The summit was attended by the heads of state and government of the member states and partner countries participating in the European Political Community, together with the President of the European Council, the President of the European Commission, the President of the European Parliament and the High Representative of the Union for Foreign Affairs and Security Policy. Mark Carney, the Prime Minister of Canada, was the first representative to attend from a non-European country.

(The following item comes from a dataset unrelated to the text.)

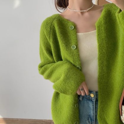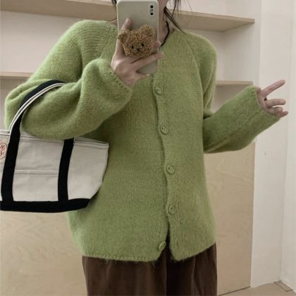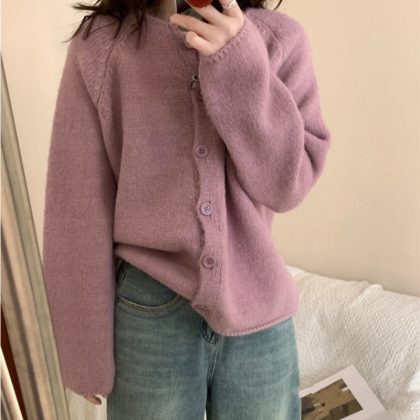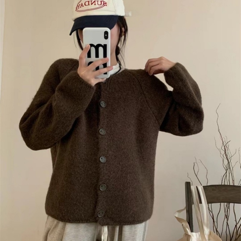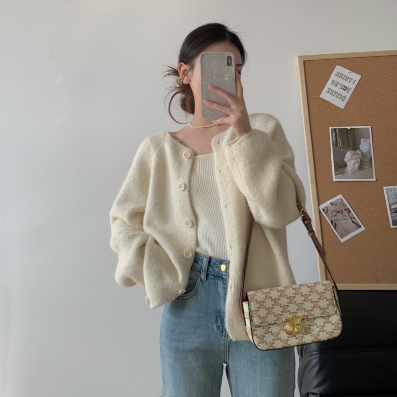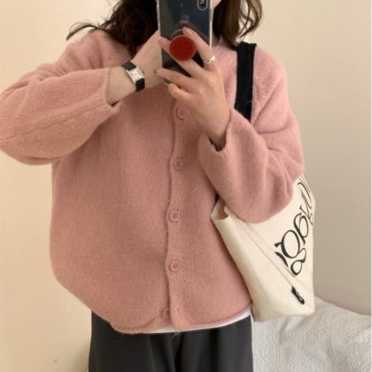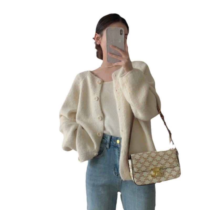| nameOriginal | Autumn and Winter New Korean Style Lazy Style Round Neck Soft Waxy Sweater Jacket Gentle Style Loose Knitted Women's Cardigan |

Among the invited delegates, the Secretary General of NATO, Mark Rutte, and the Secretary General of the Council of Europe, Alain Berset, will travel to Yerevan to attend the 8th EPC summit and are expected to hold multiple bilateral meetings with leaders present at the EPC, including with the Prime Minister of the Republic of Armenia, Nikol Pashinyan Azerbaijani president Ilham Aliyev did not attend the summit in person but gave remarks via video link.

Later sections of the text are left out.